Monday, December 16, 2013

Part 3 - Architecting Storage for vSphere Environments - A Scoop from my vForum Prezo!

In continuation to the series on "Architecting vSphere Environments", this post talks about Architecting the storage for a vSphere Infrastructure. For those who have not read the previous parts of this series, I would highly recommend you go through them in order to get a complete picture on the  considerations which matter the most while designing the various components of a vSphere Infrastructure.

Here are the links to the parts written before:-

Considering you have read the other parts, you would know that I have been talking about "Key Considerations" only in this series of articles, hence this post would be no different and would only talk about the most important points to keep in mind while designing the STORAGE architecture on which you will run your virtual machines. As mentioned before this comes from my experiences which I have gained from the field and from advises which I have read & discussed with a lot of Gurus in the VMware community.

With the changes in the storage arena in the past 2 to 3 years, I will not only talk about traditional storage design, but would also throw in some advice on the strategy of adopting Software Defined Storage (SDS). The slide below indicates the same.

I would start with talking about the Traditional Storage and the key areas. Let's begin with talking about IOPS (Input/Output Per Second). Have a look at the slide below.

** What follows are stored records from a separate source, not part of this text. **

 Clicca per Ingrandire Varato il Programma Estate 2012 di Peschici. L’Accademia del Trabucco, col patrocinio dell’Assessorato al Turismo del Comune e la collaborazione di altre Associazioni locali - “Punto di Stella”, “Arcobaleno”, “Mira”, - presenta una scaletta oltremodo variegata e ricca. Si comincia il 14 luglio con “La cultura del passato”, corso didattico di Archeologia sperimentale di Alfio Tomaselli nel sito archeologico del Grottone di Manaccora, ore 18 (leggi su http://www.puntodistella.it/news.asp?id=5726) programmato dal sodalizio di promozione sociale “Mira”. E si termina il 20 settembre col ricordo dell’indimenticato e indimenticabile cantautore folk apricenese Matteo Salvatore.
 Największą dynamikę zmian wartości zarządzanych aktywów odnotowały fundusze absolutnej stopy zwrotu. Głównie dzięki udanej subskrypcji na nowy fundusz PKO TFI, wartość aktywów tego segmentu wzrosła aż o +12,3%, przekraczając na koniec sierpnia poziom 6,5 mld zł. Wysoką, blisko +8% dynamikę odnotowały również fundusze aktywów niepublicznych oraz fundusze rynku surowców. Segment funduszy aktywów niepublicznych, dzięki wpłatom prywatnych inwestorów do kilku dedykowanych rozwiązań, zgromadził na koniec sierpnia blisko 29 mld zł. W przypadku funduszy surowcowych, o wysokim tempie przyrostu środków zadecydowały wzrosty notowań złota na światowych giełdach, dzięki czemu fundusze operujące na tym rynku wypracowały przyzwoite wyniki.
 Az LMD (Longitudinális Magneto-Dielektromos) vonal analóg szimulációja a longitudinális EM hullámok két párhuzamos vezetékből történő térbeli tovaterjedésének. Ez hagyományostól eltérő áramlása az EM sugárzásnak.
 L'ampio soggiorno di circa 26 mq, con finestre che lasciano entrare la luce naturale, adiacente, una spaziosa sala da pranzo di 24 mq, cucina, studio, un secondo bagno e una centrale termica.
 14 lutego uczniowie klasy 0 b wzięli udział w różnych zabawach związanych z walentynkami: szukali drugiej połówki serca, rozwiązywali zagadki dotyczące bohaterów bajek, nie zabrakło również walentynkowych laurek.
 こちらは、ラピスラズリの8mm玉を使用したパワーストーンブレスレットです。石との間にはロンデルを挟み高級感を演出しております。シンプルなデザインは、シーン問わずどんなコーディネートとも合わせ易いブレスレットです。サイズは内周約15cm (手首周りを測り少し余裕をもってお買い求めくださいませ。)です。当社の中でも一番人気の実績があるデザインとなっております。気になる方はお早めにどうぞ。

The credit for the numbers and formula shown in the above slide goes to Duncan Epping. He has a great article which explains IOPS. Probably the first search result on Google if you search for the keyword "IOPS". I included this into my presentation because this is still the most miscalculated and ignored area in more than 50% of virtual infrastructures. In my experience only 2 out of 10 customers I meet discuss IOPS. Such facts worry me as deep inside I know that someday the Virtual Infrastructure would come down like a pack of cards if the storage is not sized appropriately. With this let's look at some of the key areas around IOPS.

  • Size for Performance & Not Capacity - Your storage array cannot be sized for the capacity of data which you need to store. You would always have to size for the Performance which you need. In 90% of the cases you would need to buy more disks than you need, in order to make sure that you meet the IOPS requirements of the workloads which you are planning to run on a Volume/LUN/Datastore.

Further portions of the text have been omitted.